When you are locked in a traffic jam, you can only dream about getting up and stretching. So, have to do gymnastics sitting. Even a few elementary movements in anticipation of the green signal of the traffic light will benefit the expectant mother.

They will improve the blood supply to the pelvic organs, help venous blood flow in the legs, reduce the load in the lumbar region.

  1. Straighten your back and neck, straighten your shoulders. Put your feet on the floor. Tighten the buttocks and thigh muscles, as if you want to rise as high as possible on the seat. Repeat 10 times, then hold the muscles in tension for 10 counts and perform the whole sequence again.
  2. Put your feet on the floor and perform 10 rolls from heels to toes. Then roll from toe to heel and back, each time turning the foot by 45 ° and moving in different directions “track”. Exercise is best done barefoot, but if there is no such possibility, you can stay in shoes.
  3. Place a pad or folded clothes under your back and lean back. As you inhale, stretch your chest forward, slightly bending in the thoracic region, and your shoulders and shoulder blades back. At the same time try not to tear the loins from the support. Do at least 20 repetitions. Then, in the same initial position, move the arms bent at the elbows behind the head and repeat the movement of the chest, while spreading the elbows to the sides. Repeat 5 times, rest and cycle again. If the gestation period is more than 15 weeks, use the first version of the exercise.

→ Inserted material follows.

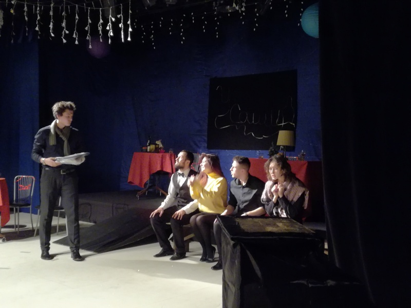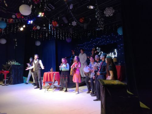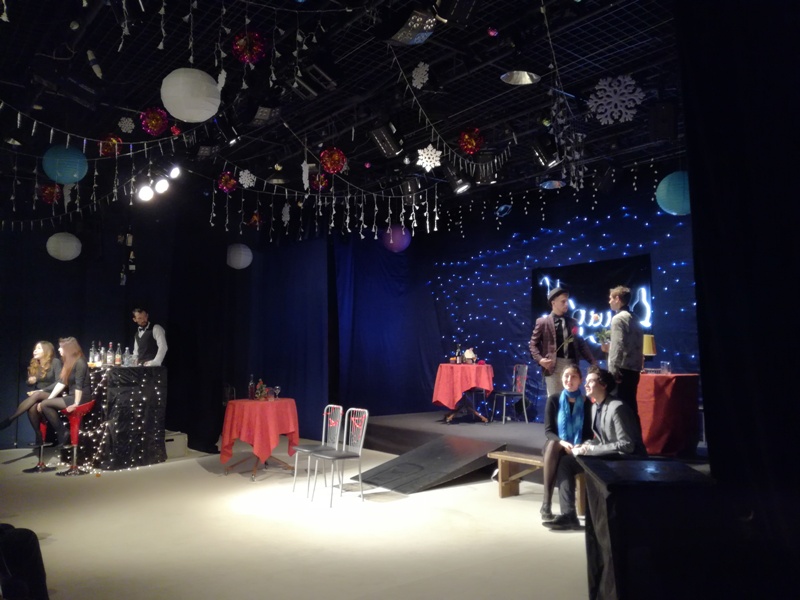 Фотоотчет Анатолия Бызова. 8 января Лаборатория кино, театра и ТВ «MediaHouse» превратила камерную сцену Молодёжного театра города Уфы в бар «У Саши». Именно так именуется основное место действия в постановке «Рассказы Вампилова». Название заведения отражает суть спектакля – зрители словно находились в гостях у Александра Вампилова, произведения которого на сцене объединили режиссёры Наиль Сафин и Ольга Лукьянова. «В прошлом году спектакль прошёл с аншлагом. По многочисленным просьбам зрителей мы решили повторить свой успех и сыграть понравившуюся всем картину, но в новом формате новогодней атмосферы. Хочется выразить огромную благодарность Национальному молодежному театру имени Мустая Карима за то, что они всегда поддерживают нас», – говорит Радмила Давлетшина, руководитель проекта. Начинающие актеры с творческим энтузиазмом обыграли трогательные истории по рассказам Александра Вампилова. Зрители увидели на сцене и комичные образы, и любовные мотивы, и лирические ноты. Все постановки объединяла живая, неподдельная игра молодых исполнителей, отчего и создавался эффект причастности зрителей ко всему происходящему на сцене. Материал сайта: http://ufacity.info

Pregnant driving: a ride with comfort

Improper fit, unregulated mirrors or a stiff leg from constant voltage when interacting with the gas pedal – all this can cause discomfort that is completely unacceptable for a pregnant woman. Stop and customize everything.

While driving, select the speed and the minimum lag time from the vehicle in front, release the gas pedal and enjoy the road. Volvo’s adaptive cruise control will automatically adjust your speed, focusing on the car in front, and, if necessary, stop your Volvo completely.